▸ **Work required**: Please output all of the entries exactly and omit any images they hold.

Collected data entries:
++++++
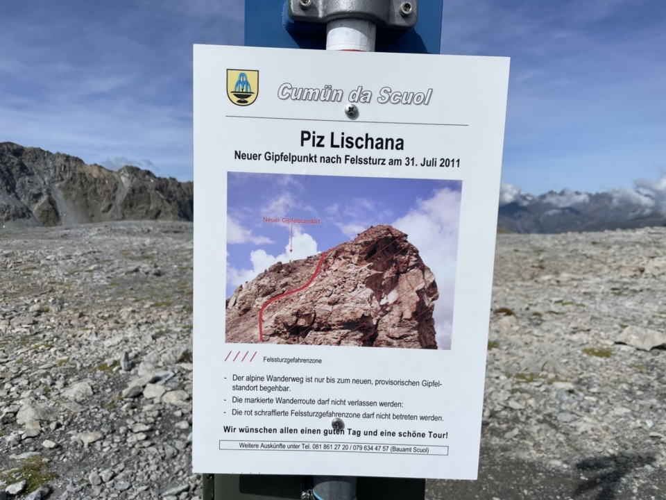 Ich bestaune den Gipfel, der vor 12 Jahren zum Teil einstürzte und seither nicht mehr bis ganz zuoberst besucht werden darf, weil er jeden Tag weiter abbrechen kann. Zu meinen Entsetzen turnen da aber ein paar Typen verantwortungslos herum. „Ohne mich!“ denke ich, und drehe um. Ich will nicht dabei sein, wenn der Felsabbruch kommt. Zunächst ärgere ich mich, aber zurück auf dem gutmütigen „Gupf“ bei einem Schluck Tee beruhige ich mich schnell. Dann halt kein „Piz Lischana minus 10m“. Sehen tue ich sowieso dasselbe auf meinem namenlosen Freund sitzend. „Dafür bleibt dir mehr Zeit für den z’Mittag in der Hütte“, sage ich mir. Gesagt, getan. Der Abstieg zur Hütte ist wiederum spannend und die Rösti mit der Engadinerwurst hervorragend.
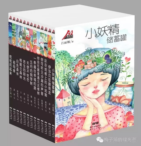 讀完了梅子涵的序言,再來看看為這套書書寫的有哪些學生,他們是:郁雨君《趴在地板上的小姑娘》、殷健靈《你可聽見沙漏的聲音》、唐池子《白色森林》、蕭萍《祖母綠》、李學斌《天使不憂傷》、呂麗娜《小妖精儲蓄罐》、王蓓《格陵蘭森林》、張潔《吉生的陽光》、魏捷《五月的鋼琴樹》、俞愉《伊莎貝拉跟我走》、何家歡《一條通往幸福的路》、許東堯《你會在哪里遇見這棵樹》。
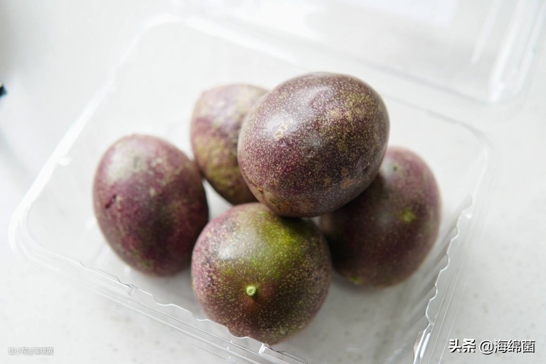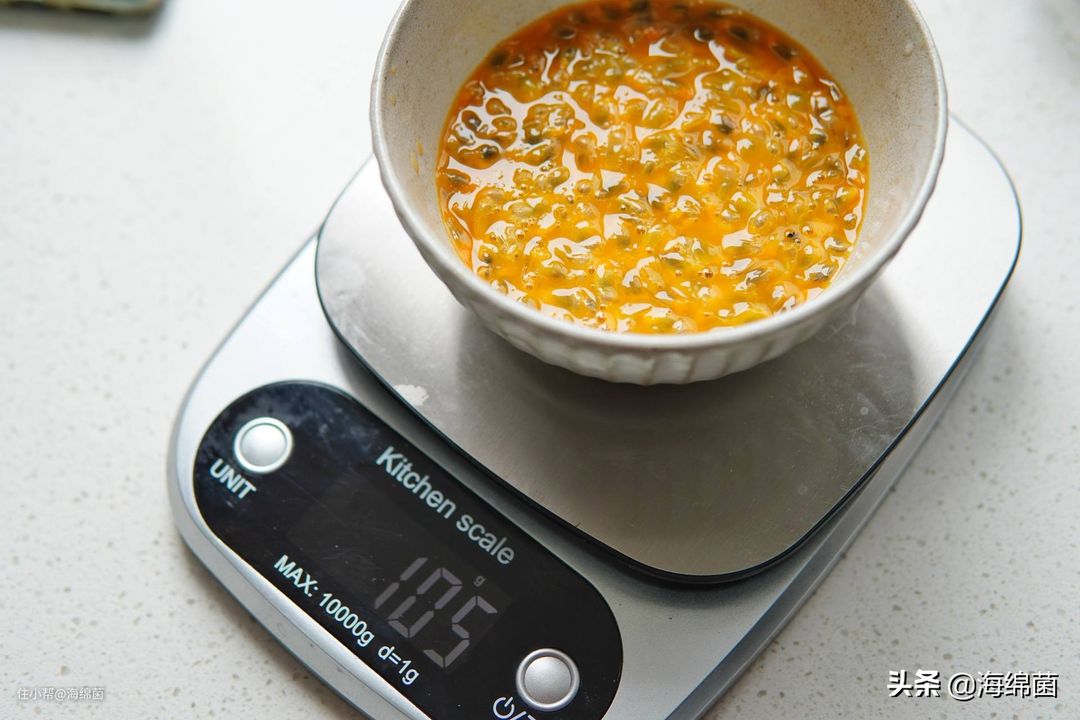 百香果直接对切,挖出果肉即可,多一点少一点问题不大,我切了3个中等个头的果子就得到了105g的果肉+果汁,如果是小果的话,可以切4个。
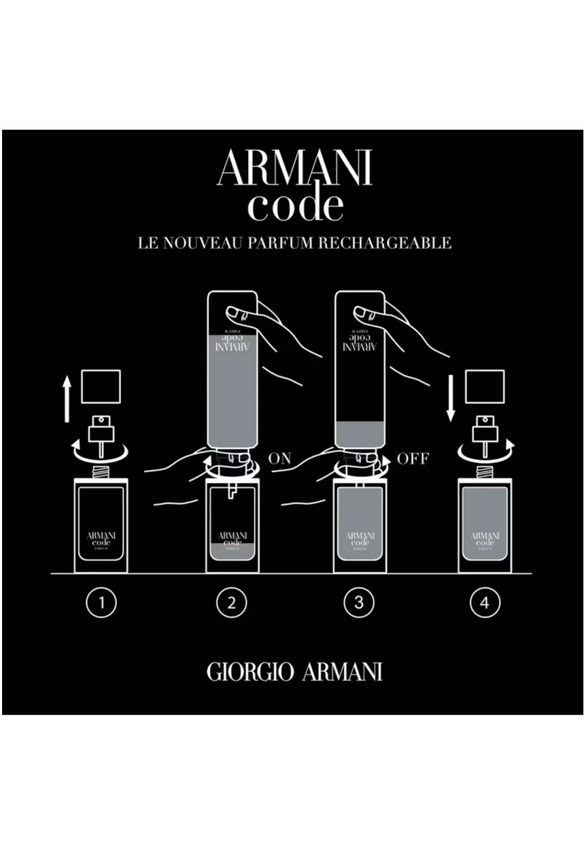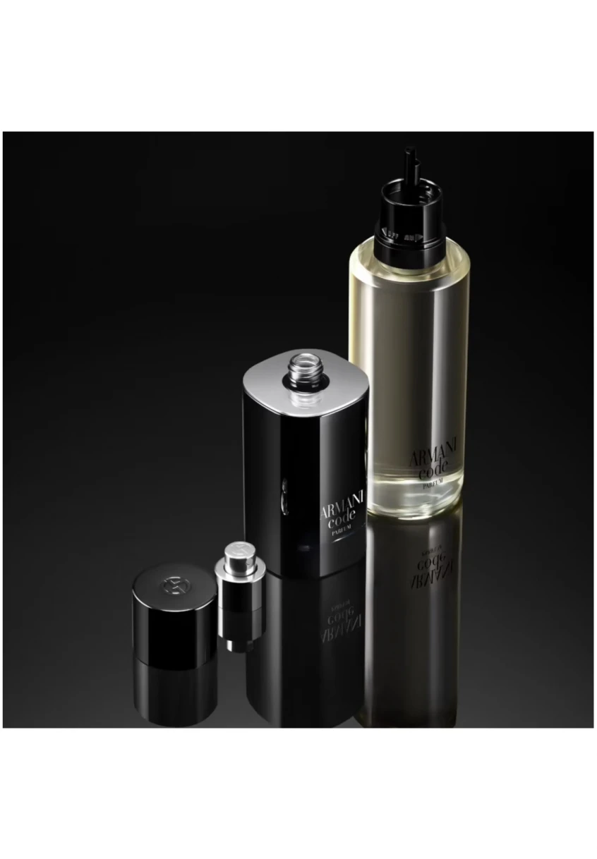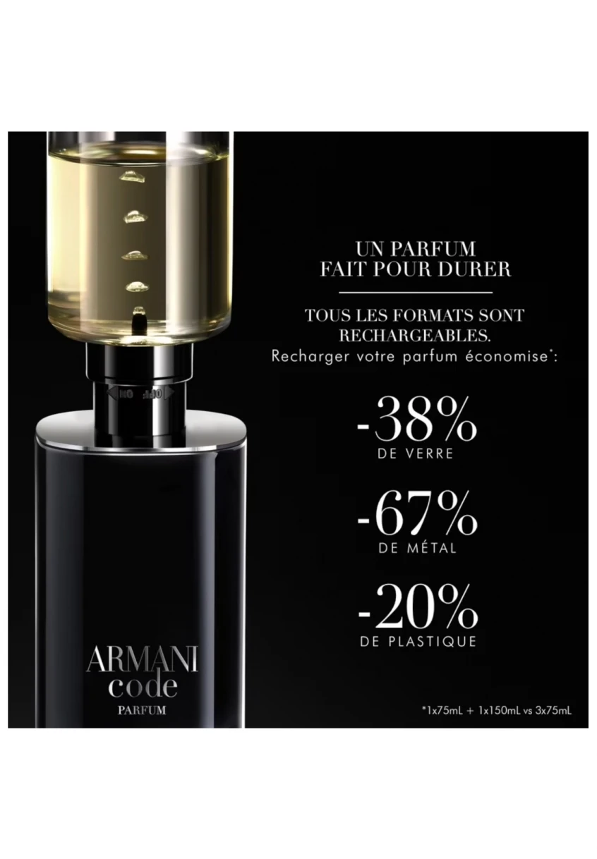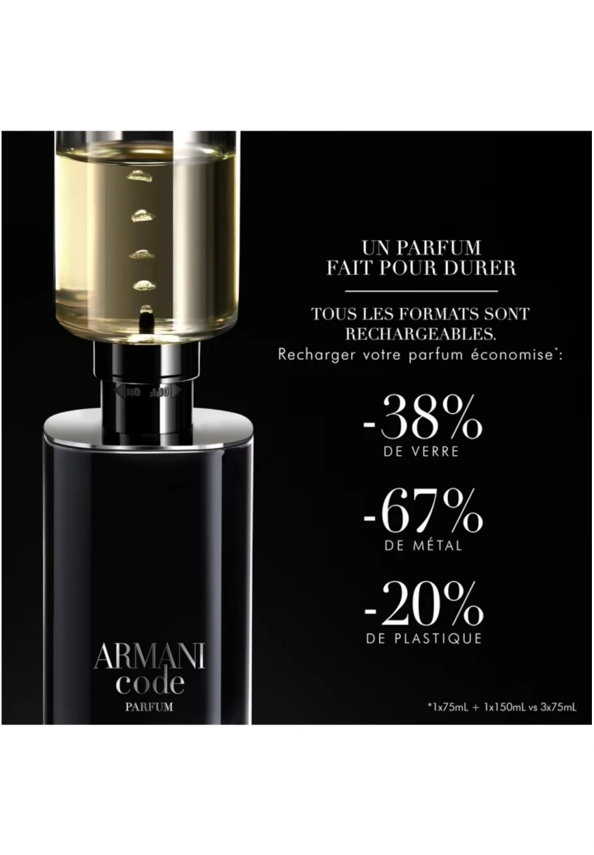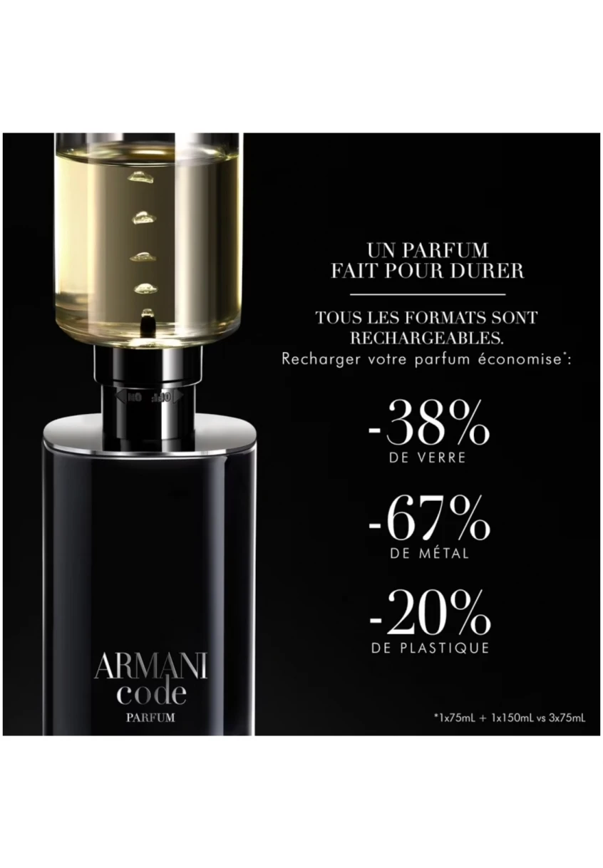 En phase avec les engagements continus de Giorgio Armani en matière de développement durable, le flacon ARMANI CODE PARFUM, éco-conçu, est rechargeable sur tous les formats grâce à la recharge 150ml.
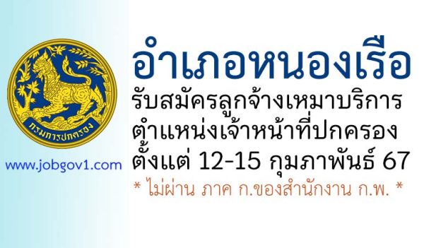 อำเภอหนองเรือ รับสมัครลูกจ้างเหมาบริการ ตำแหน่งเจ้าหน้าที่ปกครอง ตั้งแต่วันที่ 12-15 กุมภาพันธ์ 2567
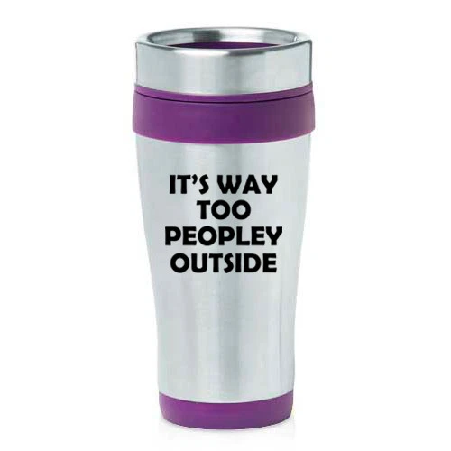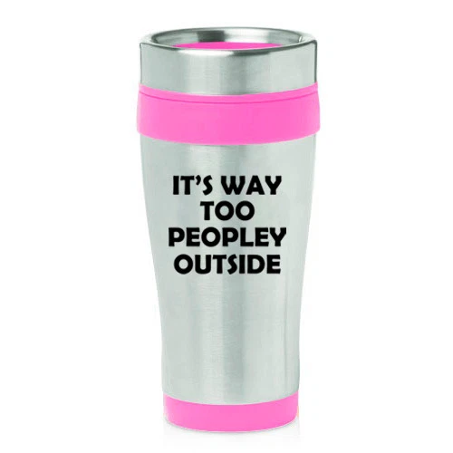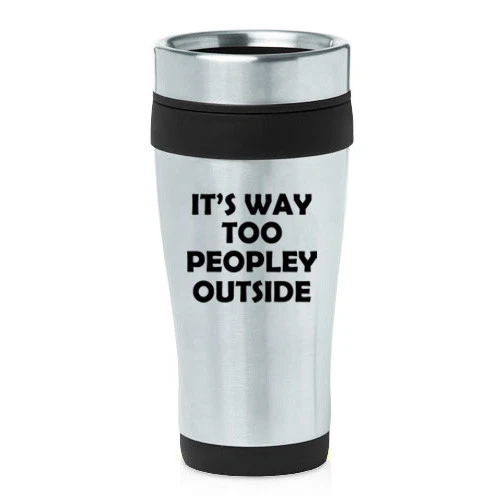 16 oz Travel Coffee Mug It's Way Too Peopley Outside Funny Introvert
++++++
▸ **Result of this task**:
 Ich bestaune den Gipfel, der vor 12 Jahren zum Teil einstürzte und seither nicht mehr bis ganz zuoberst besucht werden darf, weil er jeden Tag weiter abbrechen kann. Zu meinen Entsetzen turnen da aber ein paar Typen verantwortungslos herum. „Ohne mich!“ denke ich, und drehe um. Ich will nicht dabei sein, wenn der Felsabbruch kommt. Zunächst ärgere ich mich, aber zurück auf dem gutmütigen „Gupf“ bei einem Schluck Tee beruhige ich mich schnell. Dann halt kein „Piz Lischana minus 10m“. Sehen tue ich sowieso dasselbe auf meinem namenlosen Freund sitzend. „Dafür bleibt dir mehr Zeit für den z’Mittag in der Hütte“, sage ich mir. Gesagt, getan. Der Abstieg zur Hütte ist wiederum spannend und die Rösti mit der Engadinerwurst hervorragend.
 讀完了梅子涵的序言,再來看看為這套書書寫的有哪些學生,他們是:郁雨君《趴在地板上的小姑娘》、殷健靈《你可聽見沙漏的聲音》、唐池子《白色森林》、蕭萍《祖母綠》、李學斌《天使不憂傷》、呂麗娜《小妖精儲蓄罐》、王蓓《格陵蘭森林》、張潔《吉生的陽光》、魏捷《五月的鋼琴樹》、俞愉《伊莎貝拉跟我走》、何家歡《一條通往幸福的路》、許東堯《你會在哪里遇見這棵樹》。
 百香果直接对切,挖出果肉即可,多一点少一点问题不大,我切了3个中等个头的果子就得到了105g的果肉+果汁,如果是小果的话,可以切4个。
 En phase avec les engagements continus de Giorgio Armani en matière de développement durable, le flacon ARMANI CODE PARFUM, éco-conçu, est rechargeable sur tous les formats grâce à la recharge 150ml.
 อำเภอหนองเรือ รับสมัครลูกจ้างเหมาบริการ ตำแหน่งเจ้าหน้าที่ปกครอง ตั้งแต่วันที่ 12-15 กุมภาพันธ์ 2567
 16 oz Travel Coffee Mug It's Way Too Peopley Outside Funny Introvert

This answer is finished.